(Task requirements)
Pictures in the entries below are to be left out; otherwise, reproduce exactly the lines from the first through the line containing "De C et B comme".

___ Data section

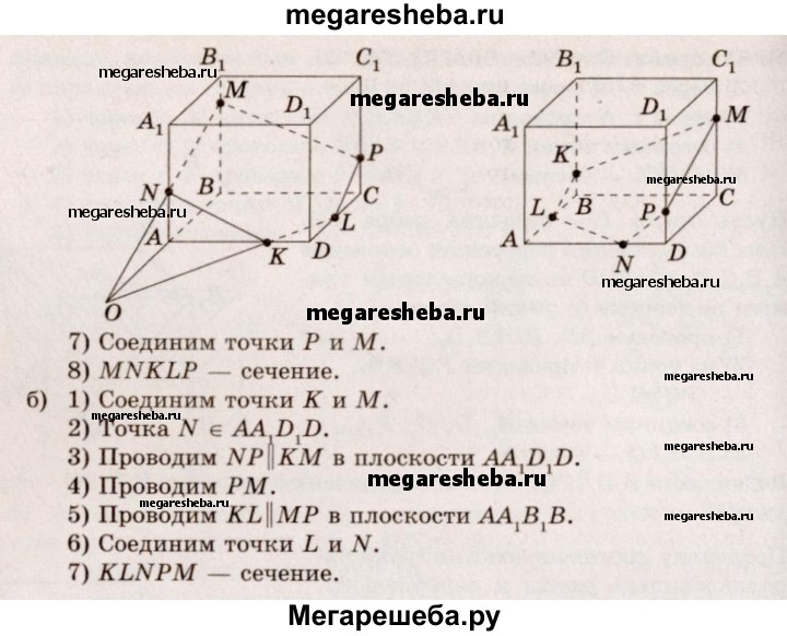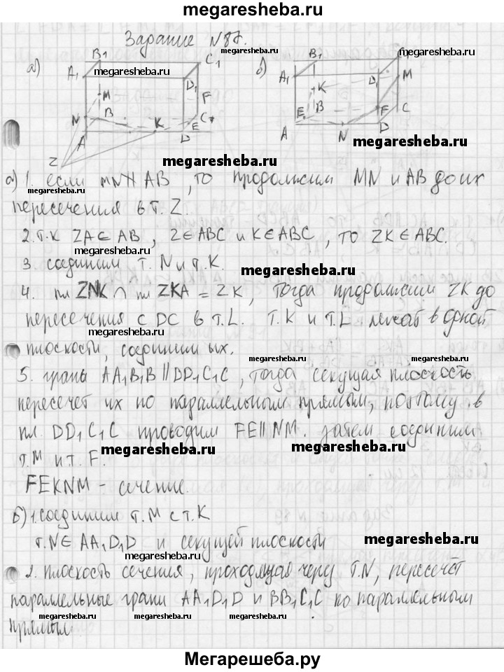 87. Изобразите параллелепипед ABCDA₁B₁C₁D₁ и постройте его сечение плоскостью MNK, где точки М, N и К лежат соответственно на ребрах: a) BB₁, AA₁, AD; б) СС₁, AD, ВВ₁.
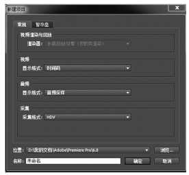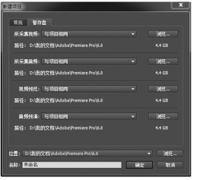 如图3-10、图3-11所示,新对话框由三部分组成,一个是“常规”,一个是“暂存盘”,还有一个是设置项目存储位置和名称的。在“常规”页面中,可以设置视音频的显示格式和采集格式;在“暂存盘”页面中,可以设置视音频的采集和预览缓存盘符。
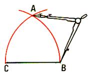 De C et B comme centre ; tracer deux arcs de cercle , se coupant
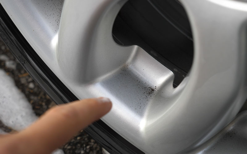 これは僕の予想ですが・・・ブレーキダストが雨などで流れてきた時にホイールに溜まってしまって汚れてしまうということなのではないでしょうか?
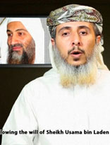 Por medio de un video, Al Qaeda se atribuyó el ataque contra el semanario Charlie Hebdo, ordenado por su líder, Ayman al Zawahiri. En la imagen se observa al comandante de esa rama en Yemen, Nasr al Ansi, y en un recuadro a Osama bin Laden Foto Reuters
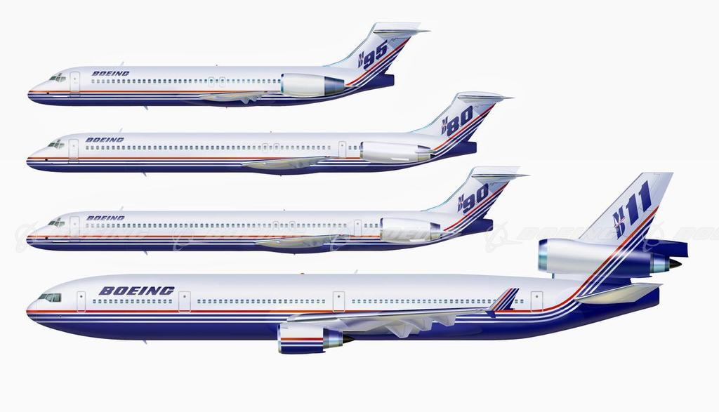 On August 1, 1997, The Boeing Company, along with its North American component, merged with McDonnell Douglas Corp. Pictured here is McDonnell Douglas' family of commercial jet transports that were in production at the time of the merger with Boeing. On January 1998, Boeing changed name of the MD-95 jetliner to the 717-200.
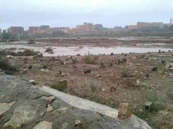 و أضافت ذات المصادر، أن السيول التي داهمت المكان أدت الى تناثر الهياكل البشرية والثوابيت ببعض أجزاء الدوار في مشاهد رهيبة تنذر بكارثة صحية.
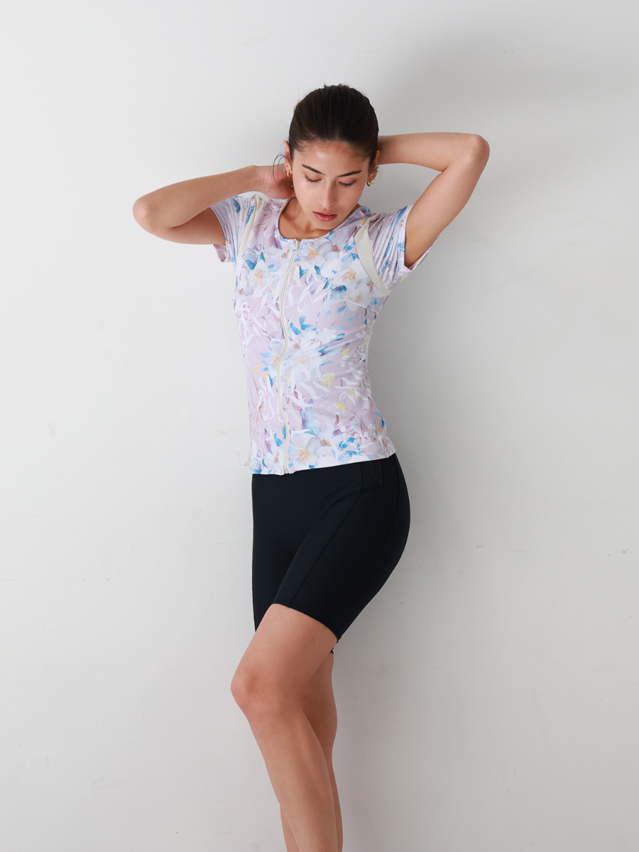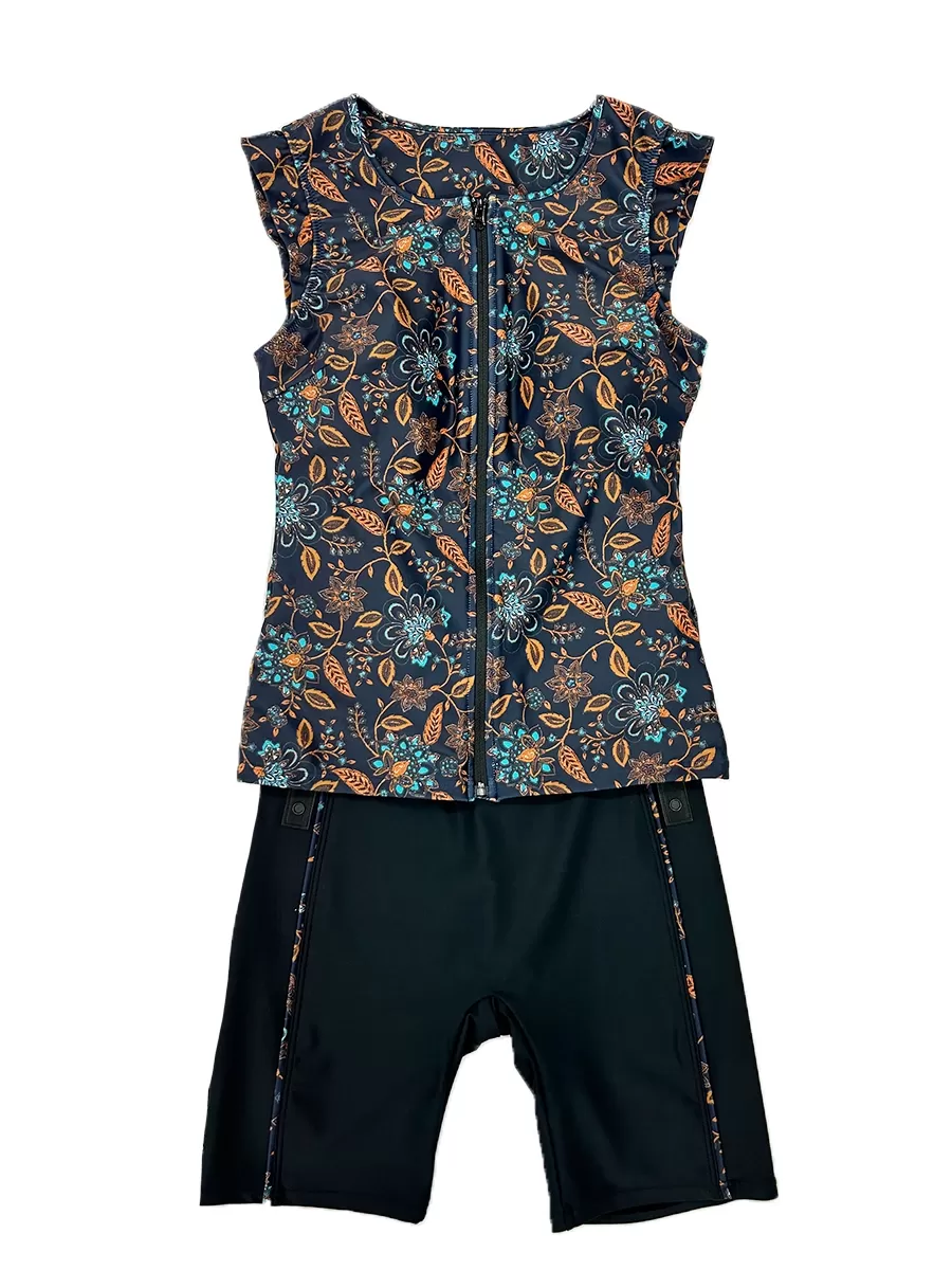 エレガントフラワー半袖フィットネス水着(243100)
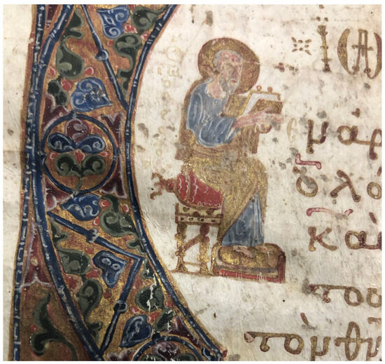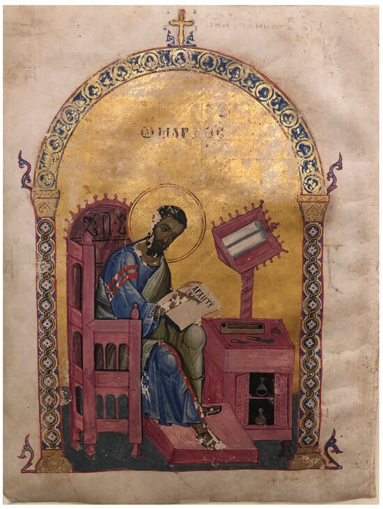 Evangelist Portrait of Mark, on a folio from a Gospel Lectionary (Athens, National Library of Greece, MS 2552), early 11th century CE. Ink, pigments, and gold on parchment. The Walters Art Museum, Baltimore (W.530.A).

______

(Answer box)
 87. Изобразите параллелепипед ABCDA₁B₁C₁D₁ и постройте его сечение плоскостью MNK, где точки М, N и К лежат соответственно на ребрах: a) BB₁, AA₁, AD; б) СС₁, AD, ВВ₁.
 如图3-10、图3-11所示,新对话框由三部分组成,一个是“常规”,一个是“暂存盘”,还有一个是设置项目存储位置和名称的。在“常规”页面中,可以设置视音频的显示格式和采集格式;在“暂存盘”页面中,可以设置视音频的采集和预览缓存盘符。
 De C et B comme centre ; tracer deux arcs de cercle , se coupant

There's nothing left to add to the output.